Though Americans are fed up with income inequality and generally disgusted by the bad behavior of big banks, the task Occupy Wall Street has chosen isn’t exactly an easy one. Even though public sentiment on economic issues may align with the movement, organizing against something as abstract as finance capital is a challenge. How do you launch a campaign against something that is everywhere and nowhere? For those who don’t live near Lower Manhattan, it’s not obvious what the proper protest target should be.
This is why focusing on the mortgage crisis—which a recent study suggests is only half over—is a brilliant next step. “To occupy a house owned by Bank of America is to occupy Wall Street,” said Ryan Acuff, who has been working with Take Back The Land in Rochester, NY doing these kinds of actions since Sept 2010. “We are literally occupying Wall Street in our own communities.” The reclamation of foreclosed homes and defense of individuals facing unfair eviction helps make arcane economic issues like deregulation and securitization, local and personal.
Occupy is certainly not the first group to engage in these sorts of actions, which can even be traced back to the squatters movement of the late ’70s and ’80s (in fact, some of the pioneers of that movement are deeply involved in the recent upsurge of this kind of activism).
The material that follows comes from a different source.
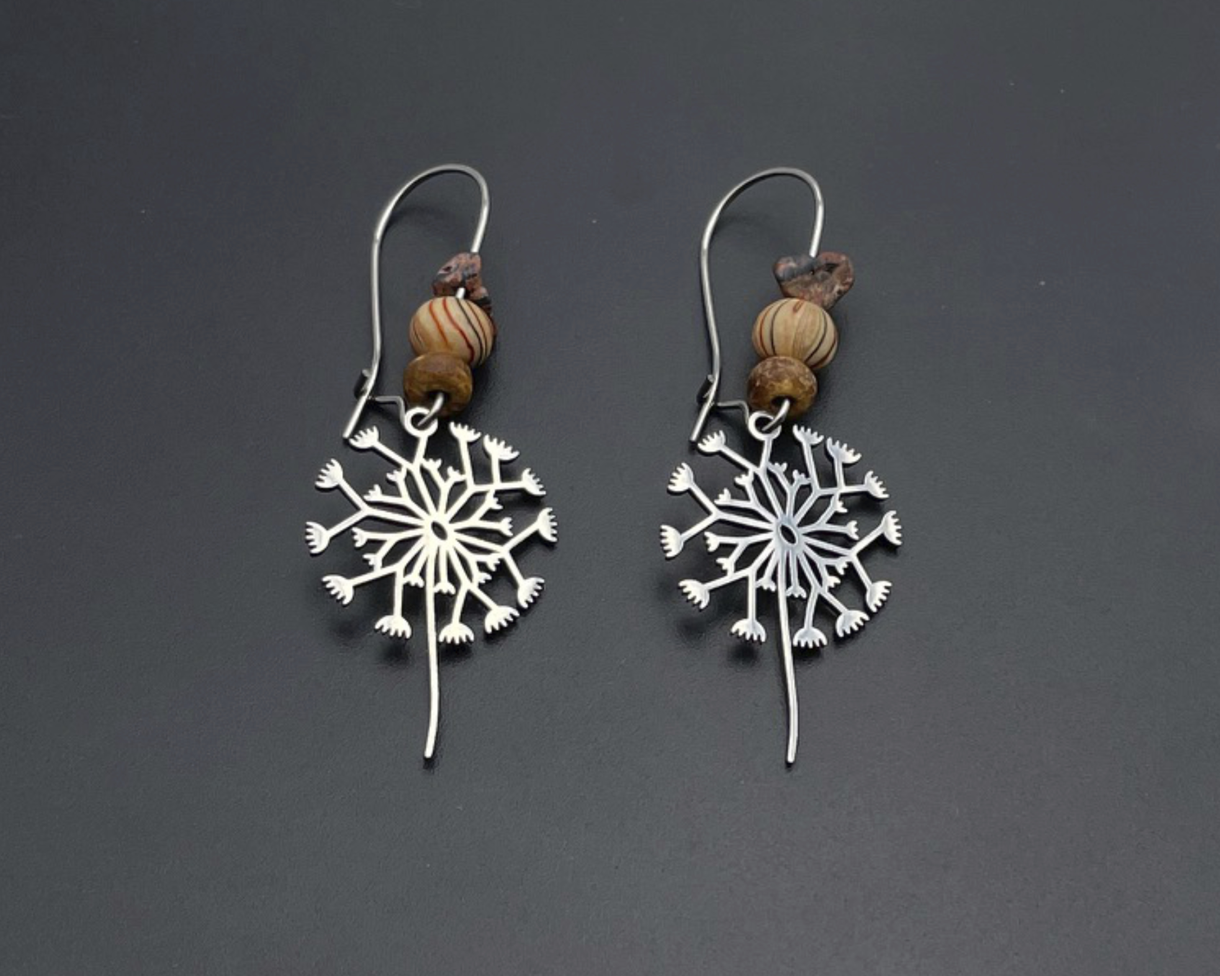 Ohrringe, Ohrhänger Pusteblume mit Edelsteinen und Kokosperlen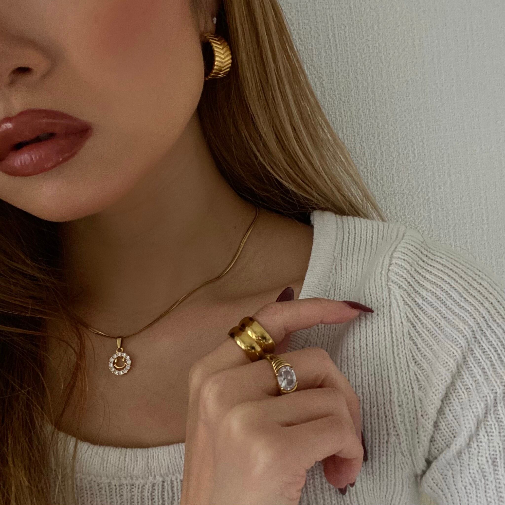 - Material: 18K gold plated over 316L Stainless Steel

But Occupy has the power to bring public attention to this kind of civil disobedience, which has so far gone mostly under the radar. Indeed, the overwhelming positive response to yesterday’s actions in the mainstream media proves this is the case.
As George Packer recently observed in The New Yorker, “There’s no powerful D.C. lobby supporting Americans in Foreclosure, no mass movement of underwater mortgagees.” With foreclosure filings showing no sign of slowing down, the people must become their own lobby through direct action. The victories can be swift and tangible. In Rochester, Catherine Lennon returned to the house she was evicted from and has been living there since Mother’s Day. So far court proceedings have ruled in her favor. The banks, it seems, are softer targets than one might expect because so many cases are rife with legal irregularities and outright fraud: it’s not uncommon for customers to be mislead, crucial paperwork lost and documents robo-signed. While banks often refuse to negotiate with individuals, taking advantage of those who are intimidated or can’t afford legal counsel, they often change their tune when threatened with serious scrutiny. Once a bunch of people show up on a lawn to form a blockade and have a press conference, once intransigent institutions are suddenly willing to compromise. In Rochester, one bank called off an eviction when they got wind of plans for direct action.
For many activists working as part of and in solidarity with Occupy, the reclamation of foreclosed homes isn’t just about Wall Street malfeasance—it’s about housing as a human right. Acuff estimates that there are around 3,000 empty homes in Rochester and 500–1,000 homeless people on any given night. “There’s no real housing crisis,” Acuff explained. “When you have three times more housing than homeless people, it’s not a housing crisis, it’s a political crisis. Something’s happening systemically to have all these empty houses and people sitting outside on the street.”